“Eu seria amigo do Stalin se ele tivesse uma mesa de pingue-pongue.”

Este é certamente um dos episódios clássicos da série, cheio de chicotadas psicológicas que são puro ouro, no melhor estilo de Seinfeld.

A trama gira em torno de um amigo mala do Jerry, que insiste em forçar a amizade mesmo que os dois não tenham rigorosamente nada em comum, tirando o fato de terem morado na mesma vizinhança quando crianças.

E o cara é o maior cretino, totalmente autista. A cena dos dois na cafeteria eu acho que é uma das melhores nesse começo da série, com o Seinfeld inventando coisas absurdas só pra demonstrar que o amigão não presta a menor atenção no que ele diz.

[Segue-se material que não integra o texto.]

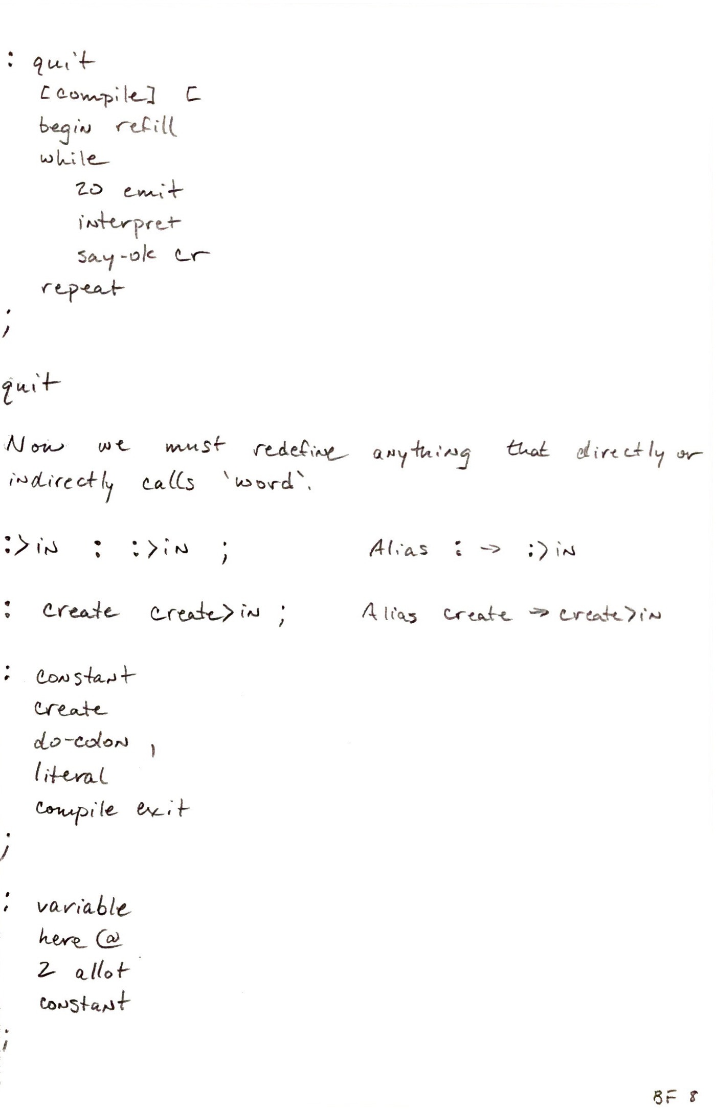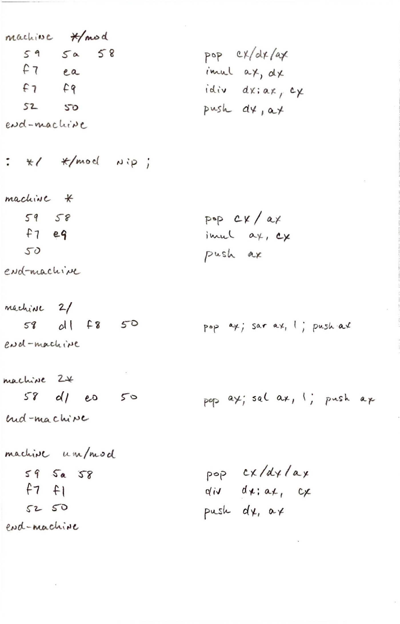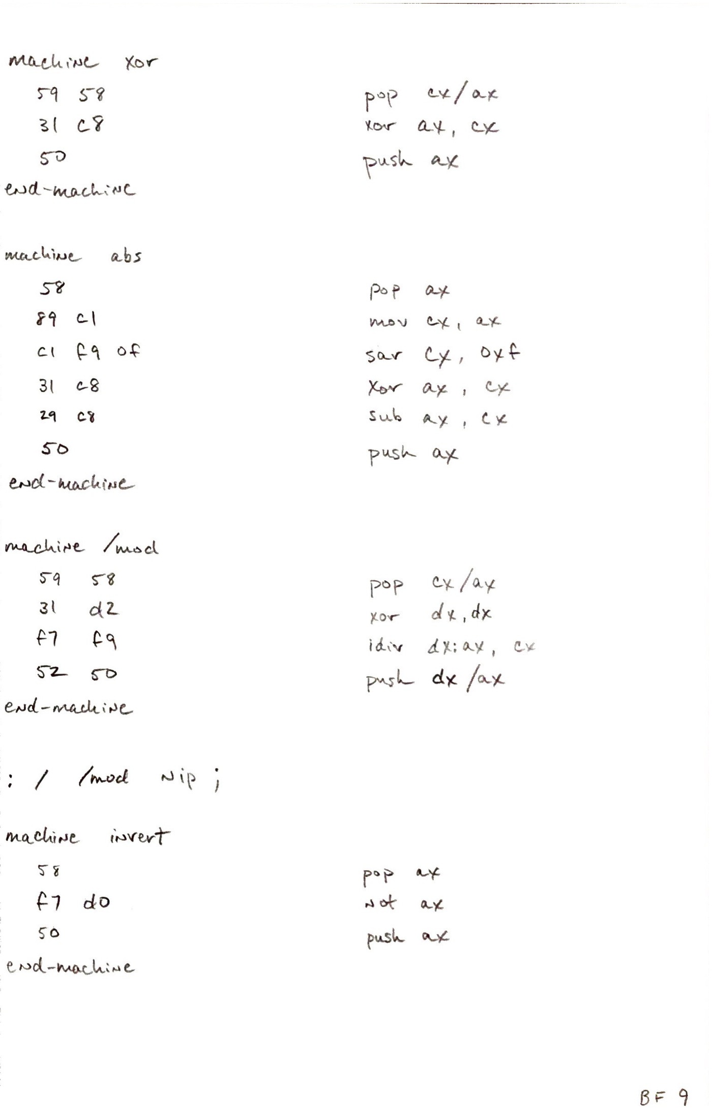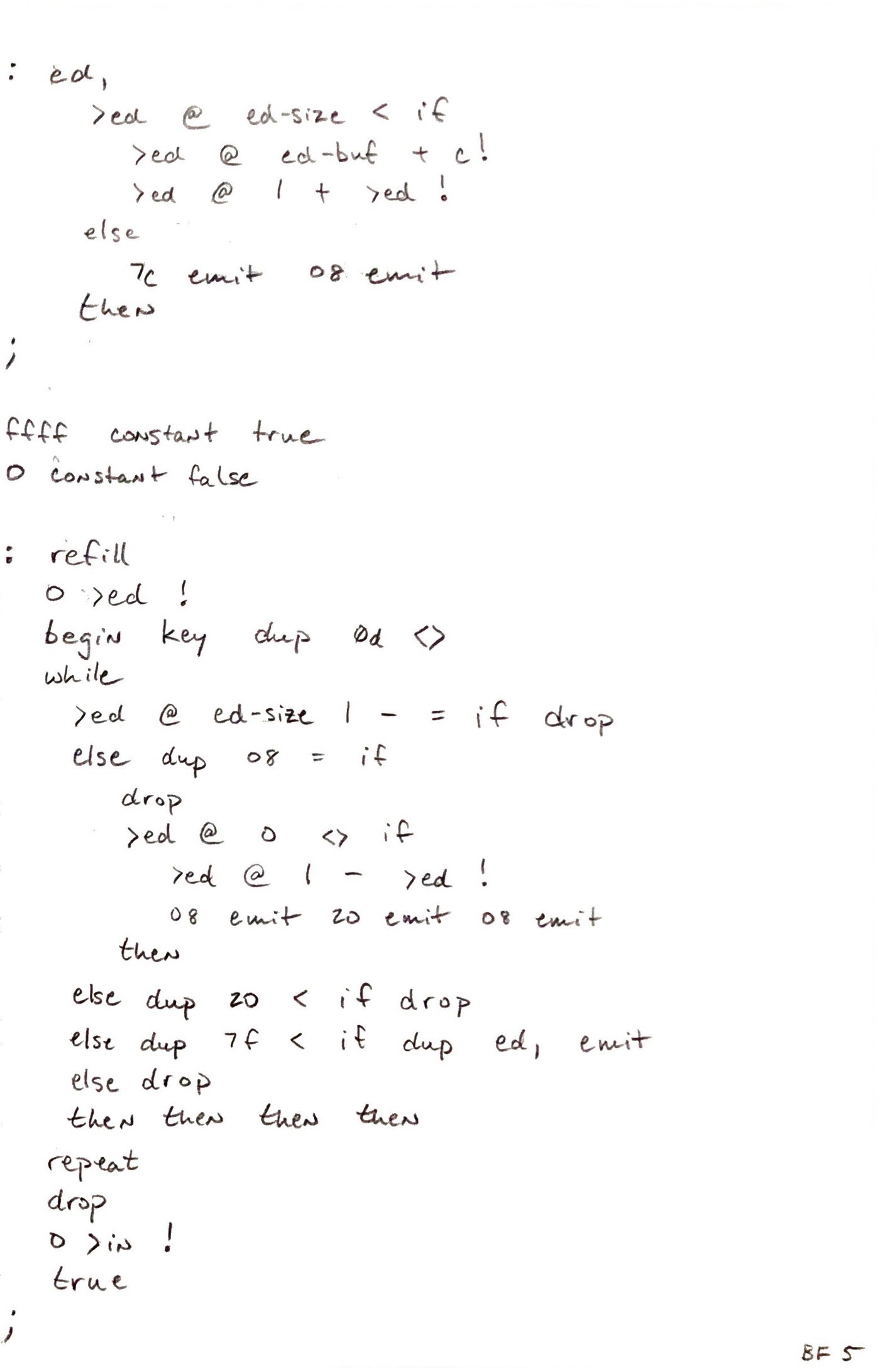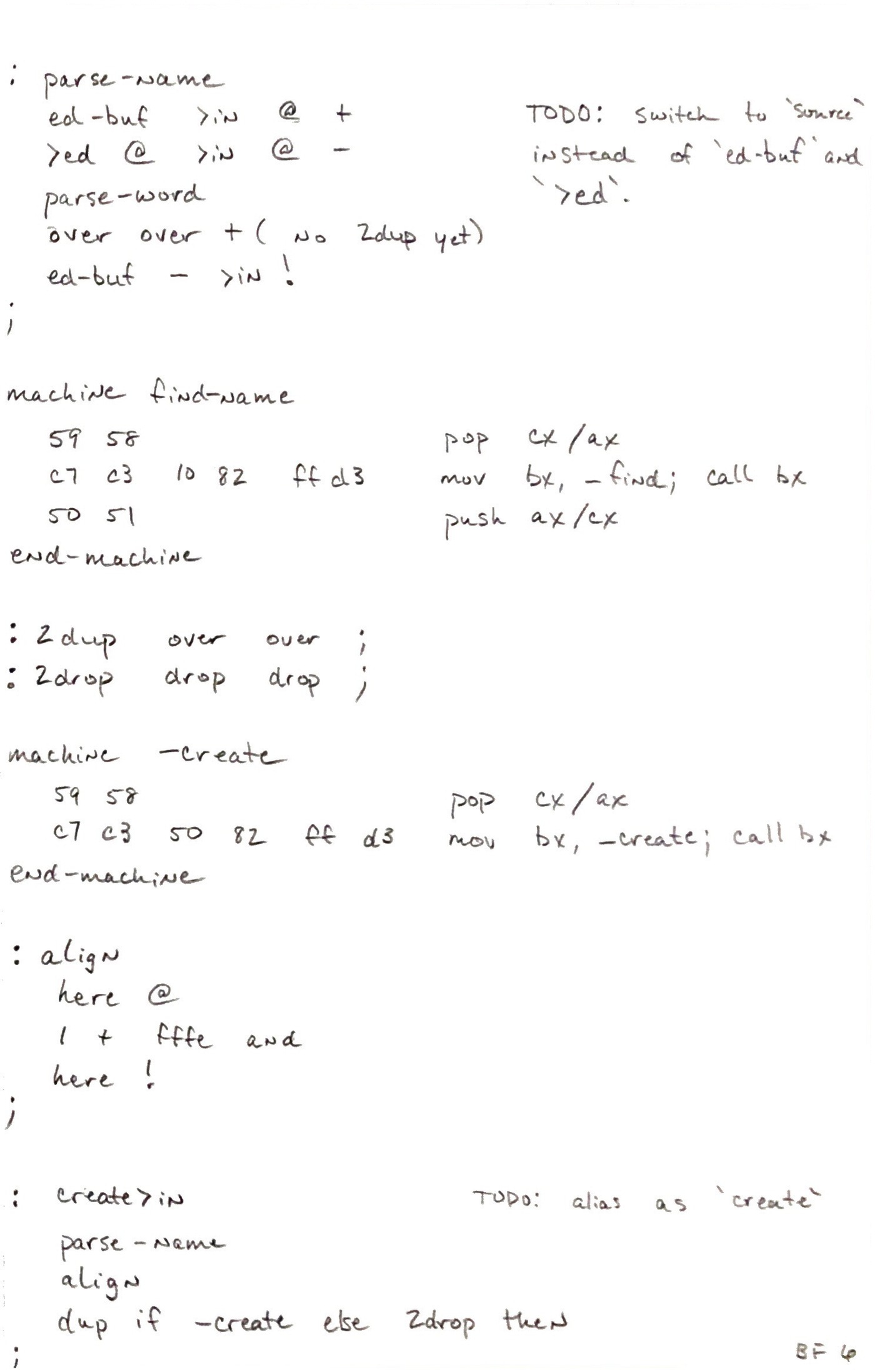 Writing out assembly by hand, translating it to hex, and keying it without mistakes is tedious and awful. So, as soon as possible, it would be nice to work at a higher level of abstraction. FORTH is a good candidate for several reasons: it's easy to parse, straighforward to bridge with native code, and—crucially—suitable for bootstrapping itself.

Outra cena extremamente ‘vida real’ é o Jerry aproximando a cabeça do telefone enquanto tenta terminar a conversa com seu desagradável ex-amigo em atividade. Fica claro que esse sempre foi o principal apelo do humor do programa – você vê as coisas escrotas que eles fazem e ou já fez algo parecido ou já teve muita vontade de fazer. Como ter por perto uma lista de desculpas para não sair com um amigo desprezível, por exemplo.

O episódio é recheado de pérolas típicas do trabalho de Seinfeld e também de Larry David, que escreveram esse juntos. A trama do George no banco, tentando trocar milhares de moedas, não faz o menor sentido, mas é muito engraçada – embora, conforme o tempo foi passando, eles tenham passado a amarrar melhor essas pequenas gags dentro da trama.

Acho que o destaque negativo fica por conta do Kramer, que ainda estava muito fora do tom. Até aqui, ele ainda parecia um mané DEFAULT das séries de humor do começo dos anos 90. Do jeito que o Michael Richards tava fazendo, podiam ter até chamado alguém tipo o Jeff Daniels, tranquilamente. E o pior que a história do ‘faça sua própria pizza’ é muito boa.

De qualquer forma, acho Male unbonding um dos bons frutos da safra inicial da série. Coisa fina, certamente.

9 Comentários

  1. Escrito 5 de março de 2009 em 10:07 | Permalink

    Acho que foi nesse episódio que o lado escroto de Seinfeld e seus amigos começou a se destacar. Isso que é maneiro na série: mostrar como o ser humano pode ser “mau”, mesmo sem querer, como se fosse uma tendência natural da nossa espécie. Em vez de a gente rir do puro “it´s funny because it´s true”, rimos por reconhecer que às vezes podemos ser cruéis como aqueles personagens, se fôssemos sinceros o bastante.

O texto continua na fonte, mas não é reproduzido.